- _Action item_
Your task is to copy the lines of the data below from the line holding "Фотография 1 товарной" through the line holding "Zastosowane w zestawie", inclusive, exactly and with nothing added.

- _Data for analysis_
|---|

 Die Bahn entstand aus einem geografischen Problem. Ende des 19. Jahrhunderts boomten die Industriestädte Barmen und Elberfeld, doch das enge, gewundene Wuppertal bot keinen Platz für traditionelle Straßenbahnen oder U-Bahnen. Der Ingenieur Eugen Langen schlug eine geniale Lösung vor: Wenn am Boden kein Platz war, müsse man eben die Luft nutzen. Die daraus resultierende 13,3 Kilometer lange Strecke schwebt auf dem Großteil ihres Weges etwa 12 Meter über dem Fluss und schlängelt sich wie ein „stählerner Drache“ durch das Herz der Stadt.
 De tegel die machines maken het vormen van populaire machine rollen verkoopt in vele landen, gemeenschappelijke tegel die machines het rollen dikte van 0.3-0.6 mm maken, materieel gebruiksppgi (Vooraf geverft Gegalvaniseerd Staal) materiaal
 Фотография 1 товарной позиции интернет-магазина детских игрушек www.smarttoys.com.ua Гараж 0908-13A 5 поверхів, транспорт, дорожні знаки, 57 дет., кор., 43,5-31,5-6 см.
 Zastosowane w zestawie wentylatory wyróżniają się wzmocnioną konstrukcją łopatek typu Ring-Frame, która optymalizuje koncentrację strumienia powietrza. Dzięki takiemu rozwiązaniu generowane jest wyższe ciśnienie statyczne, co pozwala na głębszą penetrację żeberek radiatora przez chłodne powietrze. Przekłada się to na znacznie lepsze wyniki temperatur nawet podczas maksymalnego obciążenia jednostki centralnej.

|---|

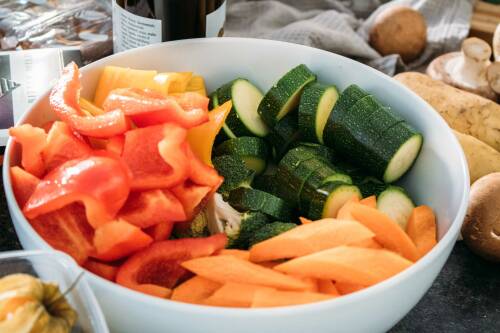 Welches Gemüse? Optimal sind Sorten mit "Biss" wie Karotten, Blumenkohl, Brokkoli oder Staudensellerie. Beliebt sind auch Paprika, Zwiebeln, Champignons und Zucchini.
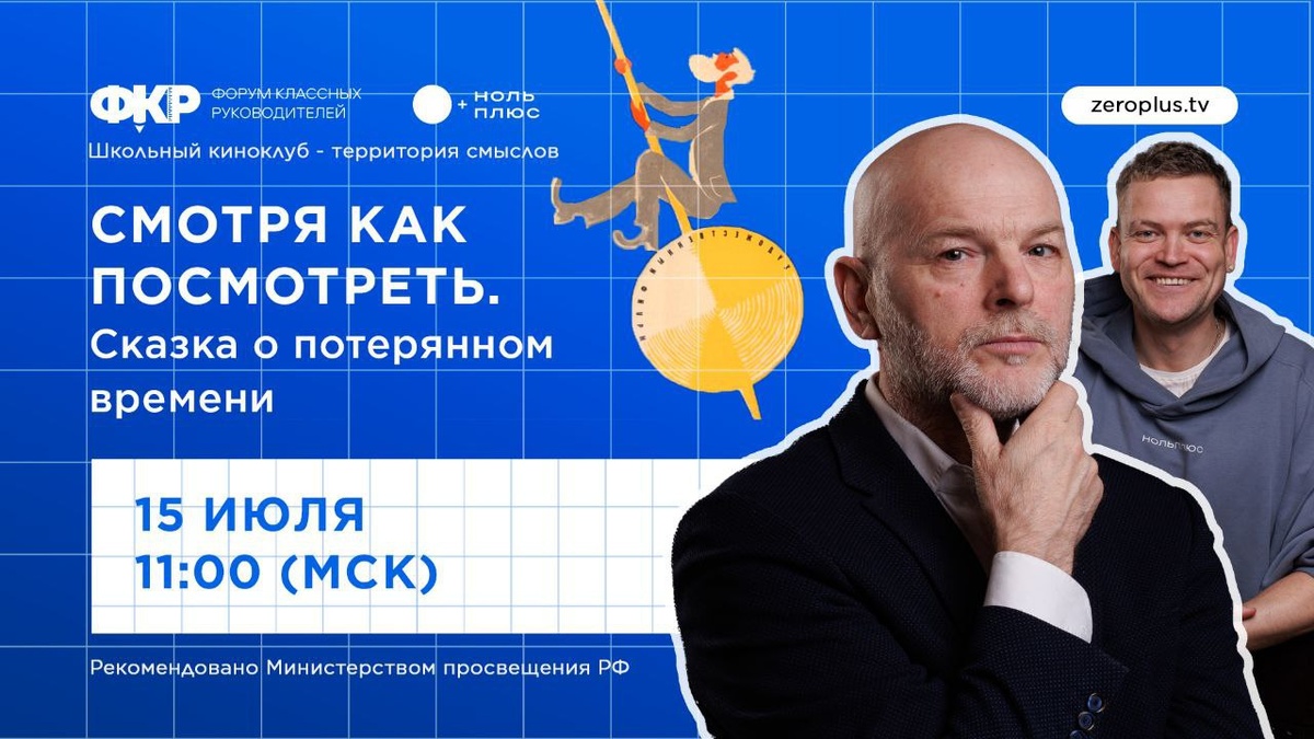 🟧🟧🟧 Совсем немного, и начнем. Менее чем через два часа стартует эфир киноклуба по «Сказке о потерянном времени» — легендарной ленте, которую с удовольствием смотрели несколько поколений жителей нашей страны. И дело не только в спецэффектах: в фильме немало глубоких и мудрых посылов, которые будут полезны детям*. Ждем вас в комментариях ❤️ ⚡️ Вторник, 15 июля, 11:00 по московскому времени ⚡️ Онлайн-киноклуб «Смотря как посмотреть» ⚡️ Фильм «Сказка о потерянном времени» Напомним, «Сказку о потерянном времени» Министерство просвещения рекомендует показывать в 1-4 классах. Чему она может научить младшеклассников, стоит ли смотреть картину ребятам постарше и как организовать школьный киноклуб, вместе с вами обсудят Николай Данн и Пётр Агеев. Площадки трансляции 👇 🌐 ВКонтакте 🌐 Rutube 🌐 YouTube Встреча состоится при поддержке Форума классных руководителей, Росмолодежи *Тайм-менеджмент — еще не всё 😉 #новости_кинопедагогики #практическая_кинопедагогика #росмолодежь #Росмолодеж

|---|

- _Task output_
 Фотография 1 товарной позиции интернет-магазина детских игрушек www.smarttoys.com.ua Гараж 0908-13A 5 поверхів, транспорт, дорожні знаки, 57 дет., кор., 43,5-31,5-6 см.
 Zastosowane w zestawie wentylatory wyróżniają się wzmocnioną konstrukcją łopatek typu Ring-Frame, która optymalizuje koncentrację strumienia powietrza. Dzięki takiemu rozwiązaniu generowane jest wyższe ciśnienie statyczne, co pozwala na głębszą penetrację żeberek radiatora przez chłodne powietrze. Przekłada się to na znacznie lepsze wyniki temperatur nawet podczas maksymalnego obciążenia jednostki centralnej.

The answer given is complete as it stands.